Dans un arrêt du 9 mai 2019, la Cour de cassation autorise le recours à la rupture conventionnelle pour le salarié déclaré inapte à son poste à la suite d’un accident du travail. Seuls la fraude ou le vice de consentement remettraient en cause cette rupture conventionnelle
Cass. soc., 9 mai 2019, nº 17-28.767

Se prononçant régulièrement sur la question de la validité de la rupture conventionnelle conclue entre un employeur et son salarié, la chambre sociale a, petit à petit, ouvert cette possibilité à différentes situations et notamment dans des hypothèses où le Code du travail prévoit des dispositions protectrices encadrant la rupture du contrat du salarié.

Ainsi, elle a déjà admis qu’employeur et salarié pouvaient conclure une rupture conventionnelle homologuée :

• – au cours d’une période de suspension du contrat de contrat consécutive à un accident du travail ou une maladie professionnelle (Cass. soc., 30 sept. 2014, nº 13-16.297) ;
• – lorsque la salariée est en congé maternité (Cass. soc., 25 mars 2015, nº 14-10.149).

Néanmoins, elle ne s’était pas encore prononcée sur la possibilité de conclure une rupture homologuée avec un salarié déclaré inapte à son poste de travail à la suite d’un accident du travail.

L’on sait que les Hauts magistrats avait toutefois exclu la possibilité pour les parties de signer une rupture d’un commun accord du contrat de travail qui aurait pour effet d’éluder les obligations de l’employeur, à savoir reclassement, licenciement ou paiement des salaires (Cass. soc., 29 juin 1999, nº 96-44.160 ; Cass. soc., 12 févr. 2002, nº99-41.698).

Une jurisprudence qui pouvait laisser présager le rejet par la chambre sociale de la possibilité de conclure une rupture conventionnelle homologué avec un salarié déclaré inapte à la suite d’un accident du travail. D’autant que l’Administration avait expressément exclu cette hypothèse, cette modalité de rupture ne devant pas « s’inscrire dans une démarche visant à contourner des procédures et des garanties légales », et notamment celles relatives aux ruptures pour inaptitude médicale (Circ. DGT nº 2008-11, 22 juill. 2008).

C’est pourtant une décision inverse qu’ont prise les Hauts magistrats. Dans une affaire, une salariée, déclarée inapte à la suite d’un accident du travail, avait signé une rupture conventionnelle homologuée par l’Administration. Revenant sur sa décision, la salariée avait alors saisi le tribunal afin de faire annuler la convention de rupture au motif que celle-ci contournait les dispositions protectrices du Code du travail relatives à l’inaptitude professionnelle et en particulier celles relatives à l’obligation de reclassement (C. trav., art. L. 1226-10).

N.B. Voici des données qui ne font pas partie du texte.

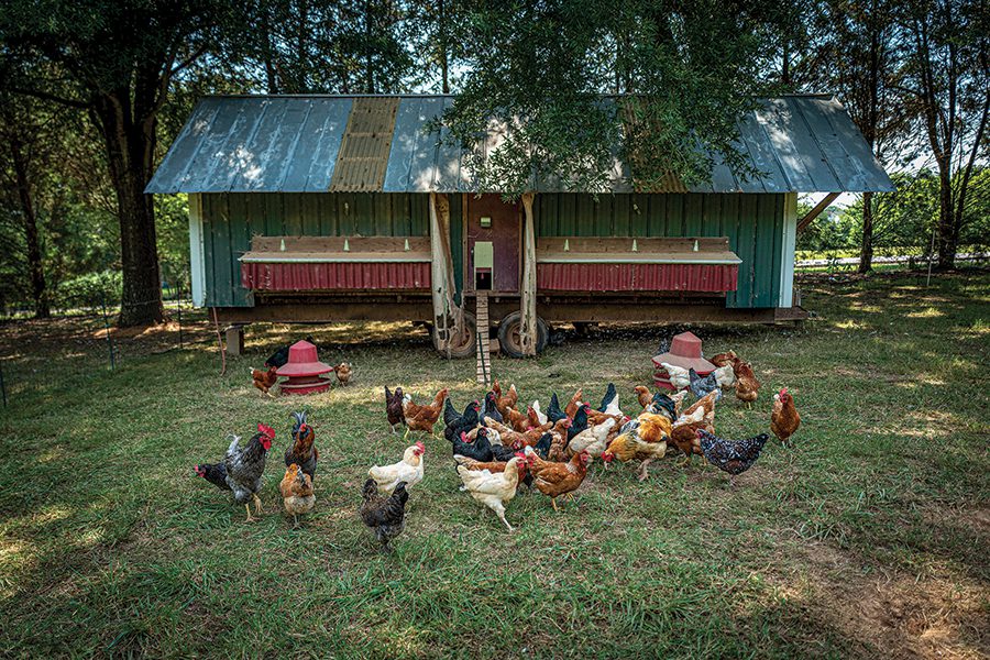 A moveable chicken coop, center photo, at New Town Farms in Waxhaw produces fertilizer for the large oaks owner Sammy Koenigsberg and his father planted years ago and compost for use in the fields. Birds are separated between “egg layers” and those grown for the meat. It’s the “dual-purpose” breeds, as Koenigsberg puts it — heirloom birds like Black Australorps, Dominiques and Rhode Island Reds that produce both eggs and plump meat — that are disappearing from the American farming landscape. “Those were a part of the old small farm America,” he says.
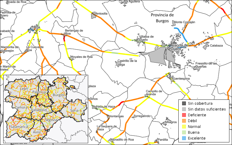 Análisis de la cobertura móvil de Castilla y León: Mapa de cobertura móvil en los tramos de carreteras regionales de Castilla y León en 2025.
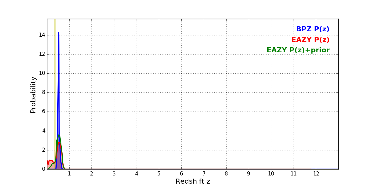 In P(z) plots: Yellow lines mark the cluster redshift z = 0.356,
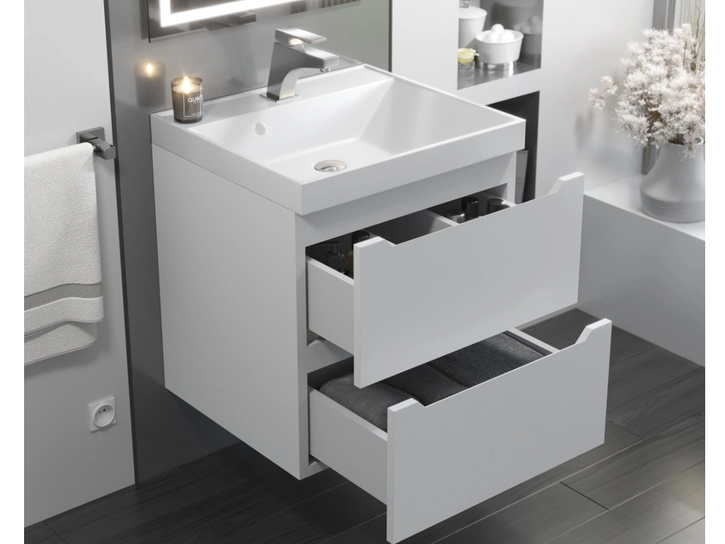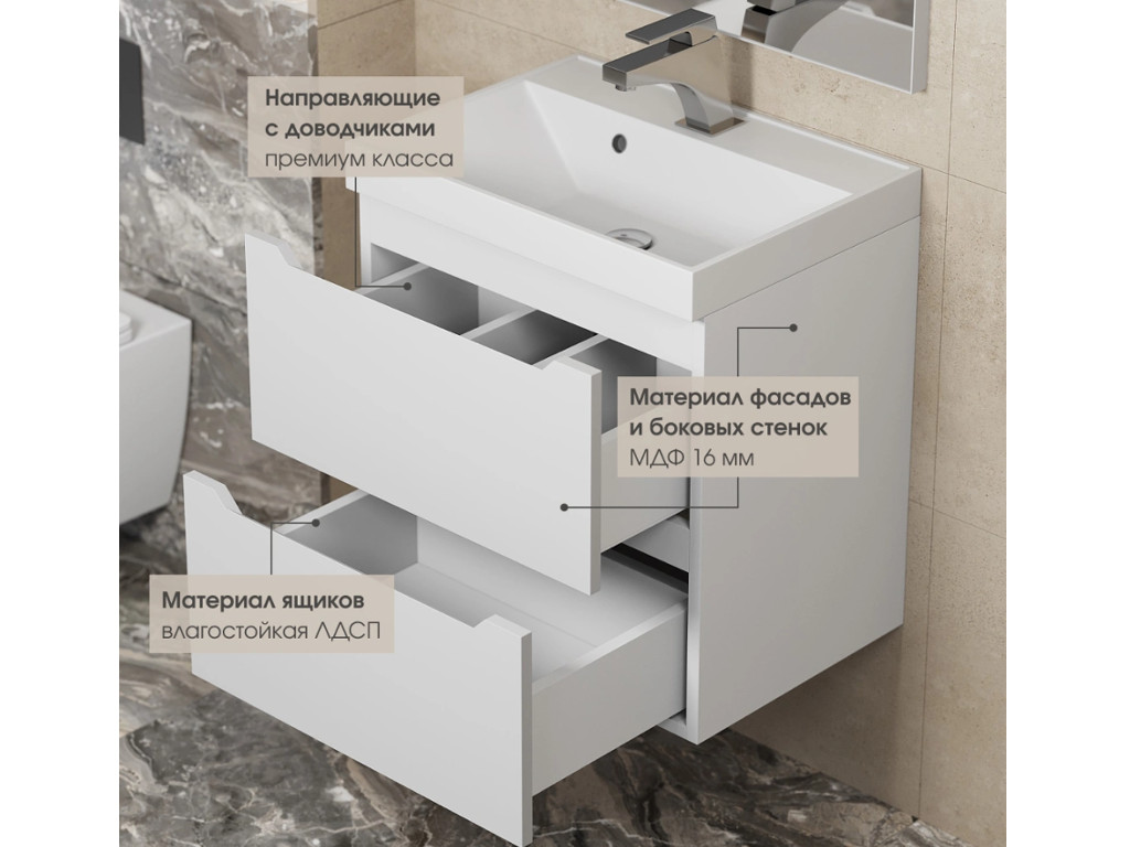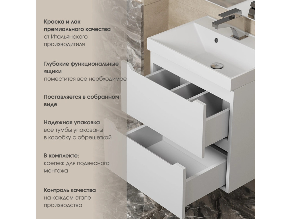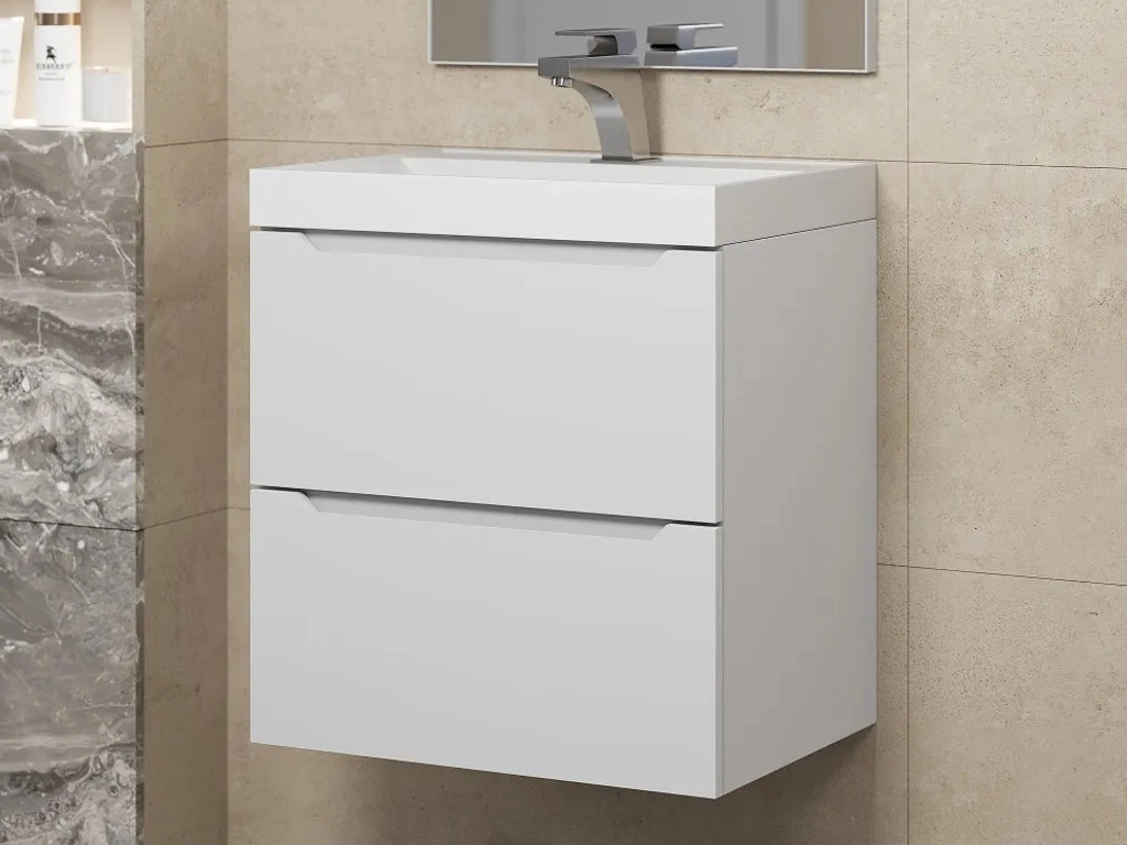 - Тумба с раковиной Uperwood Tanos матовая белая 50 см

Approuvant les juges du fond d’avoir débouté la salariée de ses demandes, la Cour de cassation énonce pour la première fois le principe selon lequel « sauf cas de fraude ou vice de consentement, non allégué en l’espèce, une convention de rupture pouvait valablement être conclue par un salarié déclaré inapte à son poste à la suite d’un accident de travail ».
Il est donc possible de conclure une rupture conventionnelle avec un salarié inapte dès lors que celle-ci est librement consentie par les deux parties, à charge pour la partie qui invoque la fraude ou le vice du consentement d’en apporter la preuve.

La décision de la chambre sociale reprend les principes déjà posés dans une affaire rendue à propos d’une rupture conventionnelle conclue avec un salarié déclaré apte avec réserves (Cass. soc., 28 mai 2014, nº 12-28.082).

À noter que l’arrêt du 9 mai 2019 rendu dans le cas d’une inaptitude d’origine professionnelle s’applique, a fortiori, dans le cas d’une inaptitude non professionnelle.